→ Task instructions
From the data below, repeat exactly the lines from the line with "- 7″ Heel, 2" to the line with "Dank voor het", both included.

[Stored records]

◇ ◇ ◇ ◇ ◇ ◇ ◇

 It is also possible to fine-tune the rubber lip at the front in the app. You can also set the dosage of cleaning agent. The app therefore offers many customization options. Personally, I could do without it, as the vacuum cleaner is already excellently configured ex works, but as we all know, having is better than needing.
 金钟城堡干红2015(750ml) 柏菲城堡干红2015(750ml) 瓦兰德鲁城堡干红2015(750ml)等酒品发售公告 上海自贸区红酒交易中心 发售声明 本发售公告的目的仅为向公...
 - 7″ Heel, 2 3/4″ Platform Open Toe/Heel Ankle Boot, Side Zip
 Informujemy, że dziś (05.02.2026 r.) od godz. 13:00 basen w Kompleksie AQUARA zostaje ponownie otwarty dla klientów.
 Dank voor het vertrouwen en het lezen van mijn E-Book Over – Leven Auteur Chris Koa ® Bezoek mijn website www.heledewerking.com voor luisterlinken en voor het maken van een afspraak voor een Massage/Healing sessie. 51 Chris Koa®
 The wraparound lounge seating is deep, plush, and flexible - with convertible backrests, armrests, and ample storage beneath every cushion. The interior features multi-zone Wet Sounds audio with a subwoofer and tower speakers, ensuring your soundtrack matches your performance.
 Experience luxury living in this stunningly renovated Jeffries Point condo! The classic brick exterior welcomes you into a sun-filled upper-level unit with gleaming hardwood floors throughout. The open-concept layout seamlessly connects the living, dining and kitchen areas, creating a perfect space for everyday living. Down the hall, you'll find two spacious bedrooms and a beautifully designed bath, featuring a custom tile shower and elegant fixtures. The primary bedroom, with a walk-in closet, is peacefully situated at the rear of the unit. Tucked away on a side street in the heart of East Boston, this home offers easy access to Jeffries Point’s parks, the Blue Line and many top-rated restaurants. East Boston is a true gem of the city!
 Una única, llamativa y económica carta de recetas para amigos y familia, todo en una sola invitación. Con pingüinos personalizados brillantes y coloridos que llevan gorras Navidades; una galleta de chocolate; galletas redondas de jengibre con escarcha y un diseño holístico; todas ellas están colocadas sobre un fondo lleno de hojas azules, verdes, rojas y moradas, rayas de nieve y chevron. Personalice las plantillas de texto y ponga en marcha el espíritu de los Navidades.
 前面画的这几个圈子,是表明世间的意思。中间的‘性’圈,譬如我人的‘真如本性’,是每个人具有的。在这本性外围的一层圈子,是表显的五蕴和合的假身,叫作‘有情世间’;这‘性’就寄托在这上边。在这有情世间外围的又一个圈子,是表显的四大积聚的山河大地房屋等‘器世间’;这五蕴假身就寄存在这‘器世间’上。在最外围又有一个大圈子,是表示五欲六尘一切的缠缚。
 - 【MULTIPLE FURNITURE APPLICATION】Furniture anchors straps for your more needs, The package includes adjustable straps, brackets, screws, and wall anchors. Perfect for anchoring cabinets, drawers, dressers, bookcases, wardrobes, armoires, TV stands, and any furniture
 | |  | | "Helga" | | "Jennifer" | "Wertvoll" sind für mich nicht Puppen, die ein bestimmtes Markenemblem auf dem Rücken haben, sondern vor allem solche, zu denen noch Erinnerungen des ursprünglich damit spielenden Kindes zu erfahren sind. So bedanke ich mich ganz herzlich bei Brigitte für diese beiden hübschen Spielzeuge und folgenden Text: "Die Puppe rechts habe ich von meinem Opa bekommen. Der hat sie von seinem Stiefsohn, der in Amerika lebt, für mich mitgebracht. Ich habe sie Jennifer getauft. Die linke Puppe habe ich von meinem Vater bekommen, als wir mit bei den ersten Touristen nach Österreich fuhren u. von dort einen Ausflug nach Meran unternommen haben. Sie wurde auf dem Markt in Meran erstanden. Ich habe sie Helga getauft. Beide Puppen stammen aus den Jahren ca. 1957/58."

◇ ◇ ◇ ◇ ◇ ◇ ◇

→ Task output
 - 7″ Heel, 2 3/4″ Platform Open Toe/Heel Ankle Boot, Side Zip
 Informujemy, że dziś (05.02.2026 r.) od godz. 13:00 basen w Kompleksie AQUARA zostaje ponownie otwarty dla klientów.
 Dank voor het vertrouwen en het lezen van mijn E-Book Over – Leven Auteur Chris Koa ® Bezoek mijn website www.heledewerking.com voor luisterlinken en voor het maken van een afspraak voor een Massage/Healing sessie. 51 Chris Koa®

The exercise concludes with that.